Articles in this document:
Producers urged to speak out
Sending a Clear Signal to Animal Activists
Producers urged to speak out
Dairy, meat and poultry producers are urged to form food industry "force" before activists distort even more benefits of modern production practices.
By ROD SMITH
FEEDSTUFFS
March 26, 2007
FOOD producers who produce dairy, meat and poultry are facing a significant threat from animal activists opposed not only to certain production practices but to farm and food animal production, and although producers "are not losing, we are barely keeping up," according to Steve Kopperud.
Furthermore, he said if livestock and poultry producers continue on their current path, "we will lose, and it won't be a quiet death. A lot of you in this room won't be growing hogs."
This was the matter-of-fact, sober message Kopperud brought to pork producers at the National Pork Forum earlier this month -- a message that could have been brought to any meeting of producers or to any meeting of the segments of the food system.

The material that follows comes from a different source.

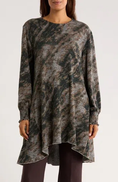 An abstract print adorns this cozy hacci-knit tunic top framed by gently puffed sleeves with smocked cuffs and a high-low hem. Crewneck Long sleeves with smocked cuffs 95% polyester, 5% spandex Machine wash, dry flat Imported

Kopperud, senior vice president at Policy Directions Inc. in Washington, D.C., a food producer advocacy firm, noted that producers were challenged by animal activists in the 1980s and '90s but succeeded in putting aside attacks then because animal activism was a fractured, leaderless movement of some 150 groups.
Today, it has coalesced into a movement with direction and very well-funded strategies, he said, pointing specifically to People for the Ethical Treatment of Animals (PETA) and the Humane Society of the United States (HSUS), and while PETA "does outrageous stuff," HSUS "is the real threat."
He said, "HSUS represents itself as a benign protector of cats and dogs that comes in behind PETA and says, 'We're not the crazies. We're the moderates.'"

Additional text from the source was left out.